[Records from a collection]
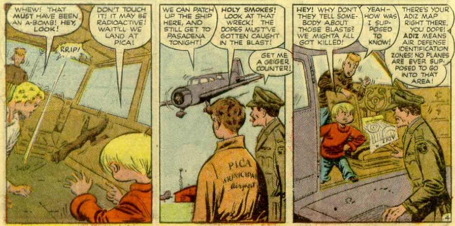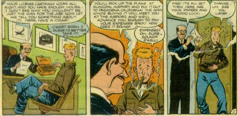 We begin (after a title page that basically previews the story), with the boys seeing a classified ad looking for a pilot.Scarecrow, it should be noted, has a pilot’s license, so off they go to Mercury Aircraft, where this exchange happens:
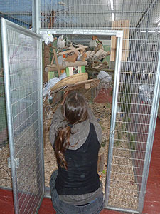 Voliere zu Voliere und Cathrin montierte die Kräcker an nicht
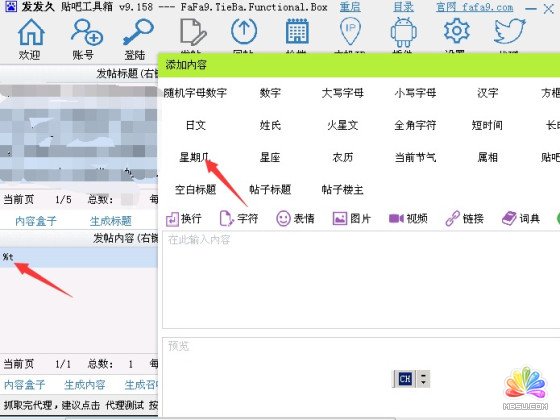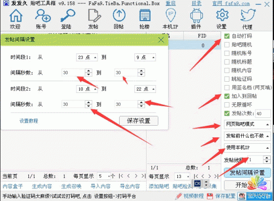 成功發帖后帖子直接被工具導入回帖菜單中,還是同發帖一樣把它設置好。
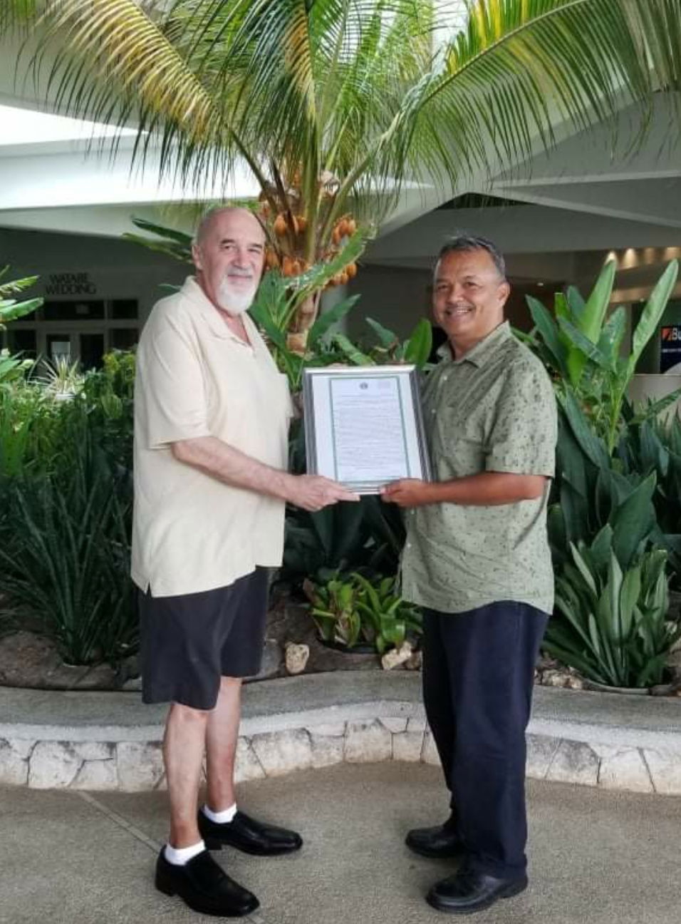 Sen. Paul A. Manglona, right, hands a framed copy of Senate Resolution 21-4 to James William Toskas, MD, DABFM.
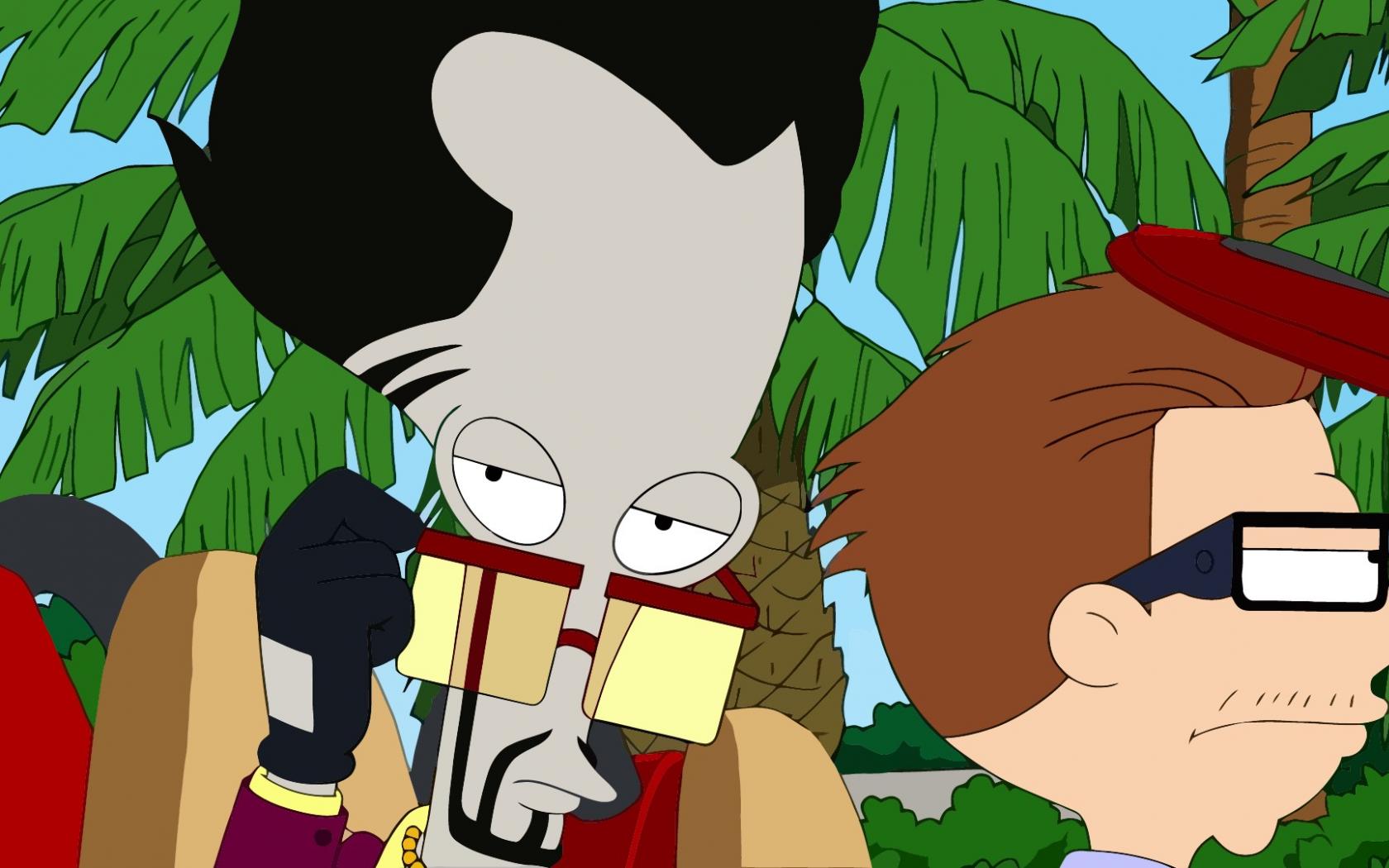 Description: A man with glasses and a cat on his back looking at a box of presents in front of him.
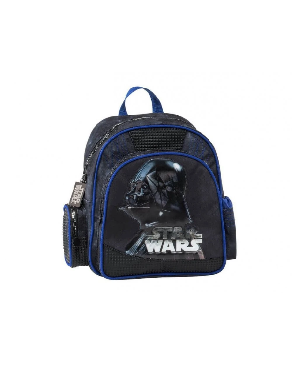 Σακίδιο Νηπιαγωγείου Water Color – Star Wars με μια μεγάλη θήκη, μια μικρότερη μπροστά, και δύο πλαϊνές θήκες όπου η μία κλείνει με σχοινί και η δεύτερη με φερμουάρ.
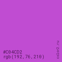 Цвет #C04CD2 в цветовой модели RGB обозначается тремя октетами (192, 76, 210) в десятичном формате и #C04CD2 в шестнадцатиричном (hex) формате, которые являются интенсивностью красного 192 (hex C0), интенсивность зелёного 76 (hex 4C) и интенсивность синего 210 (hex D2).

## WHAT YOU WILL DO
Would you please repeat all the data word for word, but without the pictures?

## OUTPUT FOR THIS EXERCISE
 We begin (after a title page that basically previews the story), with the boys seeing a classified ad looking for a pilot.Scarecrow, it should be noted, has a pilot’s license, so off they go to Mercury Aircraft, where this exchange happens:
 Voliere zu Voliere und Cathrin montierte die Kräcker an nicht
 成功發帖后帖子直接被工具導入回帖菜單中,還是同發帖一樣把它設置好。
 Sen. Paul A. Manglona, right, hands a framed copy of Senate Resolution 21-4 to James William Toskas, MD, DABFM.
 Description: A man with glasses and a cat on his back looking at a box of presents in front of him.
 Σακίδιο Νηπιαγωγείου Water Color – Star Wars με μια μεγάλη θήκη, μια μικρότερη μπροστά, και δύο πλαϊνές θήκες όπου η μία κλείνει με σχοινί και η δεύτερη με φερμουάρ.
 Цвет #C04CD2 в цветовой модели RGB обозначается тремя октетами (192, 76, 210) в десятичном формате и #C04CD2 в шестнадцатиричном (hex) формате, которые являются интенсивностью красного 192 (hex C0), интенсивность зелёного 76 (hex 4C) и интенсивность синего 210 (hex D2).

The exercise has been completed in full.